I most definitely want our marriage to survive

I feel I can't confront her out right about this other man, she needs to come to me about it. I can gently try to persuade her that I love her very much and that she can share everything about her BDSM experiences with me

I feel a bit guilty about spying on her now but in all honesty it turns me on a bit plus it allows me to foresee any potential dangers to our marriage. My wife is a submissive in real life in that she can easily be woo'd into a false sense of love I feel.

She has ascertained me that she keeps this totally online and that I have nothing to fear but she always just refers to her story tellings with other men. The fact that she actively has a master / slave relationship online whereby she is doing stuff for other men is the problem.I still do feel like she is cheating on me and thus I need her to come clean with me on this

I will endeavour to get more involved in this whole side of her life and hopefully she will see that I enjoy it and love her and that she can tell me everything. I would actually like to be present when she does these things for the other man knowing that I will profit from the arousal physically later


----------



## nice777guy

I still say you should call her out on it. She is cheating. It may turn you on now, but what will you do if she becomes more daring, starts going out more, etc. You won't trust her.

Like I said above, I wouldn't turn this into a game. Confront her, deal with things (have her end the submissive thing), and THEN talk about what turns you both on.


----------



## turnera

Limbo_SA said:


> I feel I can't confront her out right about this other man, she needs to come to me about it. I can gently try to persuade her that I love her very much and that she can share everything about her BDSM experiences with me


Oh yeah...THAT'll work. Can you say doormat?


----------



## Limbo_SA

turnera said:


> Oh yeah...THAT'll work. Can you say doormat?


Yes I do feel like that you are right. I am trying to justify her actions in that it is not something physical but I know I am just looking for excuses

I am thinking of going to see a Psychologist or Marriage Counselor alone for now to talk my thoughts. I am worried that if I confront her I might say things that I will regret later. Yes I am hurting my I don't want to loose her, I love her. I want to discuss this with her

We have been married for almost 6 years and I can't believe that she would end it over some online sex role playing forum


----------



## nice777guy

This IS cheating and needs to be stopped ASAP. Confront her straight up and see if she will be honest. If she is defiant and angry and turns things back around on you for snooping, then the problem is worse than you think.
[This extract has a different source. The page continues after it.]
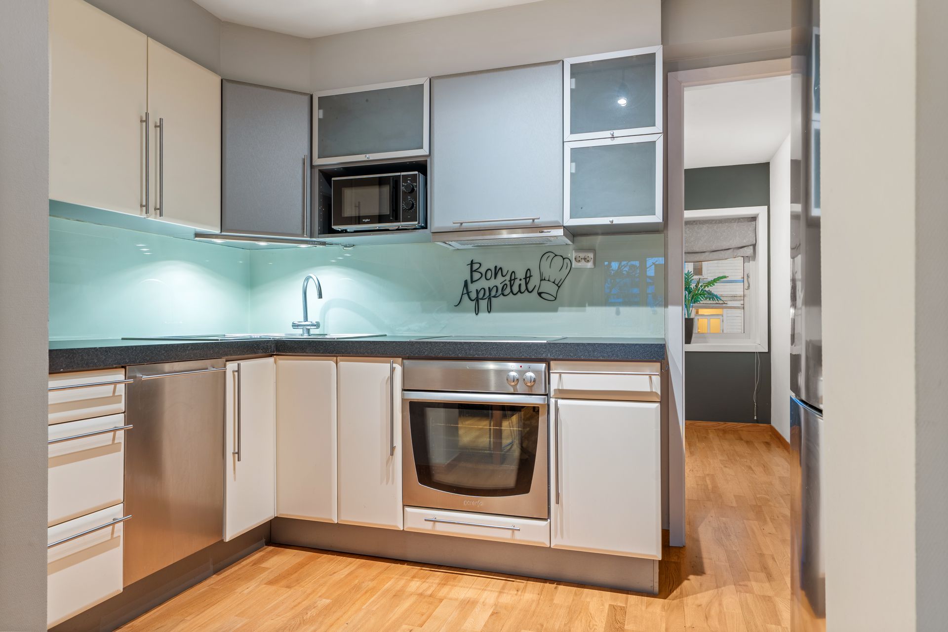- Integrert komfyr med keramisk koketopp, int. oppvaskmaskin, frittstående kjøleskap og frittstående micro som også medfølger. Av og til noe viftelyd fra kjøleskapet. Det gis fra selger ingen garanti.

If she opens up - admits this is a problem and agrees to stop - then by all means, start having some fun with things before you almost lose her again. Get your own ID and play online - but do it together.


----------



## MrP.Bodybig

I didn't even read your whole post, maybe I should have I just read role play another man, personally I'd cut the *****es clit off. please forgive me for my foul language


----------



## laredo

If it makes you horney, just ****her more and enjoy it. She obviously has some built up sexual tension.


----------



## Atholk

It's turning you on because it's squarking a natural biological competitive urge to "beat the other guys sperm". She's not having actual sex with him, but your own body doesn't really known that, it's just aware of the competing male involved with her, so it's started up anyway. This is completely normal.

Don't tell her parents. That was horrible advice. That would probably cause enormous problems.

The longer you do nothing, the worse this issue will be. You must act, or you will continue to lose her to him slowly.

I believe you have to tell her that you know, that it is unacceptable to you that she is doing this, and that you are hurt, and she needs to break it off with him. This is an emotional affair.

Tell her you know she has been crossing her own boundaries into cheating, because you have read her saying exactly that in email/chat/whatever.

However I think you should also say to her that you now realize that you have obviously been lacking in supplying something she needs in your relationship, and that is something you very much want to fix. _Together._


----------



## turnera

Atholk said:


> Don't tell her parents. That was horrible advice. That would probably cause enormous problems.


Why? Who are the two people on this earth whose respect she needs and wants the most? Her parents. If ANYONE can get her to realize the slippery, disgusting path she is on, it is them.

If she doesn't know YOU know, talk to her before you call them, and give her a chance to stop. If she refuses, then bring her folks in.


----------



## Atholk

turnera said:


> Why? Who are the two people on this earth whose respect she needs and wants the most? Her parents. If ANYONE can get her to realize the slippery, disgusting path she is on, it is them.
> 
> If she doesn't know YOU know, talk to her before you call them, and give her a chance to stop. If she refuses, then bring her folks in.


Because it would mark him as scared to comfront her directly. Which is an attraction killer. Which pushes her away from him, when the goal is to bring her back to him. You absolutely have to talk to her first.

If you blow the lid off of her sexual interests to her parents, that may in and of itself become a permanent issue in the marriage, for which she may never forgive him. She is obviously being inappropriate, but this is still a deeply personal interest of hers.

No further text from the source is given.